VCF Operations for Logs: Services Not Running and NFS Mount Inaccessible

Products

VCF Operations

Issue/Introduction

After an outage or instance restart in VCF Operations for Logs, one or more service instances may fail to come back online. When NFS external storage is configured, an inaccessible NFS mount can block archive, export, and import operations. In addition, inaccessible NFS mounts will block instance restarts indefinitely, preventing the system from recovering even after the underlying outage has been resolved.

This article describes how to determine whether the NFS mount symptom has been raised and provides guidance on restoring services to a running state.

Environment

VMware Cloud Foundation (VCF) Operations for Logs 9.1 with NFS v3 external storage support.
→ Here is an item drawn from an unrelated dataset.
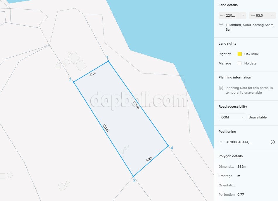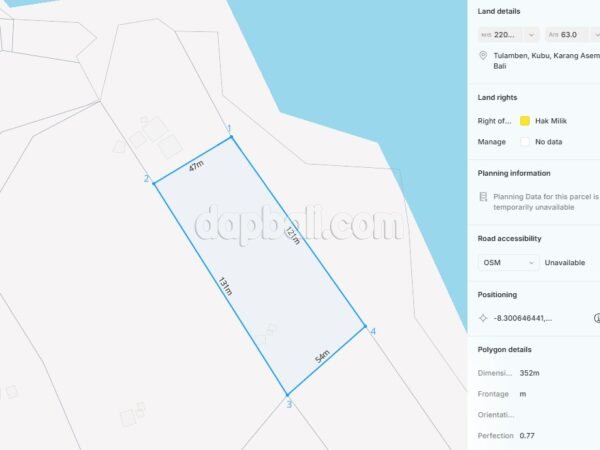 Located at the North-East coast, right in front of the stunning Sparkling black sand Tulamben beach, and close to several amenities. This prime land is ideal for developing tourist accommodations, such as resorts, villas, and more. Situated near the Dive Concept center in Kubu village, this land is Bali’s hidden gem, boasting remarkable dive spots that enchant countless divers. Nestled away from the hustle of the main road, this stunning escape provides a serene haven for divers, nature enthusiasts, and those seeking peace. The land is strategically located in a tourism zone, covering an area of 6300 sqm, right between Amed and Tulamben, making it perfect for investment. This property has a four-meter-wide access road, ensuring easy accessibility, and is fully equipped with all necessary amenities for immediate development. With its prime location between Amed and Tulamben, this site is ideal for any tourism-related projects, given its readiness to build. The tranquil environment, breathtaking views, and rich natural surroundings make Kubu in Tulamben, Karangasem, the perfect escape for anyone seeking relaxation from the city’s buzz. Discover the best underwater world right here in Kubu, Tulamben, where the serene atmosphere and exotic nature invite you to explore and unwind.

NFS v4 is not supported.
NFS external storage configured for archive, export, or import operations

Cause

VCF Operations for Logs mounts configured NFS volumes into its instances (pods) at /mnt/<storageId>. These NFS volumes are defined in the Kubernetes StatefulSet specification and mounted at pod startup.

If a log processor or log store instance (i.e., pod) restarts while a NFS mount is not reachable, the instance will not start up. If the NFS server is unreachable at pod start time, the Kubernetes kubelet blocks indefinitely waiting for the NFS mount to succeed. This prevents the pod from starting, which in turn prevents all services running in that pod from becoming available.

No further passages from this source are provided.